I am busy right now, can I ignore you some other time?
I think my neighbor is stalking me as she’s been googling my name on her computer. I saw it through my telescope last night.
I hate when I am about to hug someone really sexy and my face hits the mirror.
No, you don’t have to repeat yourself, … I was ignoring you the first time.
I’m really good at stuff until people watch me do that stuff.
I don’t hate you. Its just my attitude has problems with your personality.
If I ever need a heart transplant, I’d want my ex’s. It’s never been used.
A clean house is the sign of a broken computer.
If you see me smiling it’s because I’m thinking of doing something evil or naughty. If you see me laughing it’s because I’ve already done it.
Take my advice — I’m not using it.
When I told the doctor about my loss of memory, he made me pay in advance.
My girlfriend told me to go out and get something that makes her look sexy… so I got drunk.
Whatever you do always give 100 %. Unless you are donating blood.

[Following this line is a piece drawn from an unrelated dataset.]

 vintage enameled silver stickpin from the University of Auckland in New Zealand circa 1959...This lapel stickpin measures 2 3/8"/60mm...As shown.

Oh… I didn’t tell you… Then It must be none of your business…
Never break someone’s heart because they have only one inside…break their bones because they have 206 of them.
My son asked me what it’s like to be married so I told him to leave me alone and when he did I asked him why he was ignoring me.

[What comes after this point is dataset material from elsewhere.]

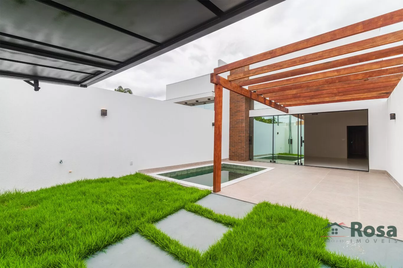 Casa Térrea com Piscina Recém-Construída à Venda no Bairro Jardim Universitário. O Imóvel Conta com 3 Quartos, Sendo 1 Suíte com Closet, 1 Banheiro Social, Lavanderia Coberta, Cozinha e Sala Integradas com Churrasqueira e Pé Direito Alto. A Bancada e a Pia em Mármore, e Uma Ampla Porta de Correr em Blindex Integra a Área Interna com a Piscina. Possui 2 Vagas de Garagem com Pergolado, em Terreno Murado de 180 m² e Área Construída Total de 113 m².<br><br> Destaques: Acabamento em porcelanato e materiais de alto padrão, teto rebaixado em gesso com iluminação em LED, gramado e um projeto diferenciado que proporciona abundante luz e ventilação natural.<br><br>

My internet is so slow, it’s just faster to drive to the Google headquarters and ask them shit in person.
Not many people can listen to you and survive. I should be getting an award.
People say money is not the key to happiness, but I always figured if you had enough money, you can have a key made.
My wife sent her photograph to the Lonely Hearts Club. They sent it back saying they weren’t that lonely.
Yesterday, I fell down from a 10 meter ladder. Thank God I was on the third step.
People who write “u” instead of “you”. What do you do with all the time you save?
My husband is on the roof – only a few inches away from an insurance claim that could completely change my life.
Me: Siri, why am I alone? Siri: *opens front facing camera*
Think Im Sarcastic? Watch Me Pretend To Care!
Boy : I have a pen you have a phone number. Think of the possibilities. Girl : I have a sandal you have a face. Think of Casualties.
I just want to live in a world where people come with on/off switches.
Even people who are good for nothing can bring smile on your face, when pushed down the stairs…
Maybe you need a ladder to climb out of my business?
Sarcasm is just one more service we offer.
It takes two to lie… One to lie and one to listen…
You are not as bad as people say, you are much, much worse.
Did you fall from heaven? Cause your face is pretty messed up!
Girl you’re like a car accident, cause I just can’t look away.
Learn from your parents’ mistakes: use birth control.
When people don’t make sense, listen to music. It always does.
You fell asleep! No I just closed by eyes for few hours.
Just in case you haven’t noticed, you are ugly both mentally and physically. Other than that? You are totally fine!
Did something bad happen to you or are you just naturally ugly.
I’ve been running as fast as I can, but I still can’t catch my breath.
How to lose an argument with a woman: 1) Argue.
Hey, what a coincidence! You’ve the same name as my dog!
The universe is laughing behind your back.
Are you thinking what I’m thinking that I think that you’re thinking I’m thinking because if you think that I think what I think I’m thinking then we’ve got a problem?
I’m not crazy, my reality is just different than yours.
A positive attitude may not solve all your problems, but it will annoy enough people to make it worth the effort.
The human race is lucky I’m a nice guy, otherwise only 1/4 of them would be alive right now.
A paper should be like a mini skirt: long enough to cover everything, but short enough to keep it interesting.
I’m not a complete idiot, some parts are missing.
I’m not sure what’s wrong… But it’s probably your fault!
Living on Earth is expensive, but it does include a free trip around the sun.
Reality? That’s where the pizza delivery guy comes from!
Smile, it’s the second best thing you can do with your lips.
This place is so weird that the cockroaches have moved next door.
Time is the best teacher; Unfortunately it kills all its students!
I wasn’t mad, but now that you asked me 7 times if I’m mad.. yes, I’m mad!